Because of these and other uncertainties, the Company’s actual results, performance or achievements could differ materially from those contemplated, expressed or implied by the forward-looking statements contained herein. Forward-looking statements speak only as of the date they are made. The Company undertakes no obligation to publicly update or revise forward-looking information, whether as a result of new, updated information, future events or otherwise, except to the extent required by law.

The Discussion and Analysis of Financial Condition and Results of Operations that follows includes comparisons to the quarter ended March 31, 2020 as well as the trailing quarter ended December 31, 2020. Information with respect to the trailing quarter ended December 31, 2020 is included in the Company’s Annual Report on Form 10-K for the year ended December 31, 2020 as filed with the SEC.

Impact of COVID-19

The Company's operations and financial results have been substantially influenced by the COVID-19 pandemic since the United States issued a state of emergency on March 13, 2020. The most notable financial impact to our results of operations was a higher provision for loan losses during 2020, primarily reflecting the substantial increase in economic uncertainty and the resultant potential for increased credit losses in future periods as a consequence of the COVID-19 pandemic.

The CARES Act established the PPP loan program which is administered through the SBA. PPP loans are 100% guaranteed by the SBA and are forgivable, in whole or in part, if the proceeds are used in accordance with the requirements of the PPP. These loans carry a fixed rate of 1.00% and a term of two years (loans made before June 5, 2020) or five years (loans made on or after June 5, 2020), if not forgiven in whole. Payments are deferred until either the date on which the SBA remits the amount of forgiveness proceeds to the lender or the date that is 10 months after the last day of the covered period if the borrower does not apply for forgiveness within that 10 month period. The Company originated PPP loans totaling $203 million during 2020 and $89 million during the first quarter of 2021, included in commercial and industrial loans.

Fees collected from the SBA for the PPP loans totaled $11.5 million. These fees are deferred and amortized into interest income over the contractual period of the loan. Upon SBA forgiveness or sale of a PPP loan, unamortized fees are then recognized into interest income. As of March 31, 2021, PPP loans had received SBA forgiveness that totaled $55 million. PPP fees recognized during the first quarter of 2021 were $1.7 million. PPP loans did not impact the Company’s allowance for loan loss as a result of the SBA guarantees.

During 2020, federal banking regulators issued guidance providing that qualifying modifications made to a borrower affected by the COVID-19 pandemic and governmental shutdown orders do no need to be identified as a TDR. During 2020, the Company had applied this guidance and had modified approximately 381 commercial loans with principal balances totaling $368 million, and approximately

36


298 consumer loans with principal balances totaling $37 million. Modifications included payment deferrals (including maturity extensions), fee waivers and covenant waivers. Loans in COVID-19 modification related deferral periods at March 31, 2021 were not material.

The Company expects that the COVID-19 pandemic could continue to have a significant impact on our business. In particular, it is anticipated that a significant portion of the Company’s borrowers in the hotel industry will continue to endure significant economic distress, which has caused, and may continue to cause, them to draw on their existing lines of credit and adversely affect their ability to repay existing indebtedness, and may adversely impact the value of collateral. During 2020, the Company identified a well-defined weakness in the hotel industry as a result of the impact of the pandemic and classified the loans to clients within that industry as substandard. While the Company has noted some improvement during the three months ended March 31, 2021, the classification of the hotel industry loan portfolio has not changed. As of March 31, 2021, the Company’s hotel loan portfolio was $82 million, or approximately 6.3% of total commercial loans.

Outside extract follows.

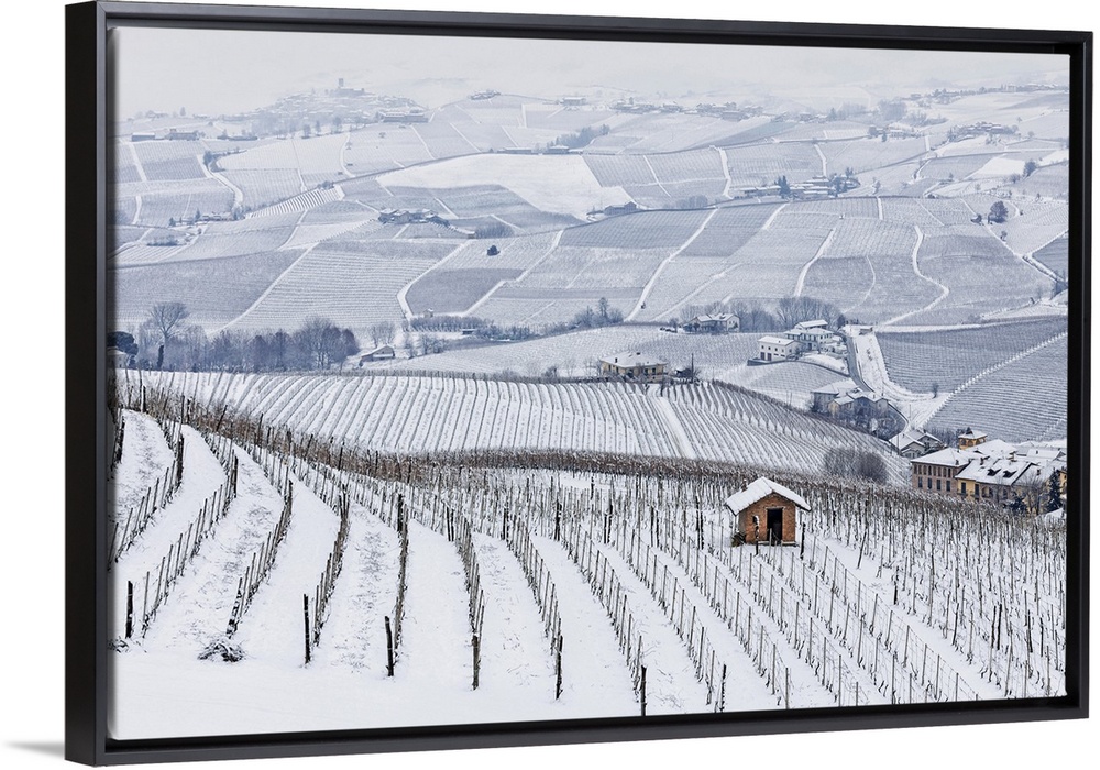 <p>Langhe, Cuneo district, Piedmont, Italy. Langhe wine region winter snow</p>

APPLICATION OF CRITICAL ACCOUNTING ESTIMATES

The Company’s Unaudited Consolidated Financial Statements included in this Quarterly Report on Form 10-Q are prepared in accordance with U.S. GAAP and follow general practices within the industries in which it operates. Application of these principles requires management to make estimates, assumptions, and judgments that affect the amounts reported in the Company’s Unaudited Consolidated Financial Statements and Notes. These estimates, assumptions, and judgments are based on information available as of the date of the Unaudited Consolidated Financial Statements. Accordingly, as this information changes, the Unaudited Consolidated Financial Statements could reflect different estimates, assumptions, and judgments. Certain policies inherently have a greater reliance on the use of estimates, assumptions, and judgments, and as such, have a greater possibility of producing results that could be materially different than originally reported.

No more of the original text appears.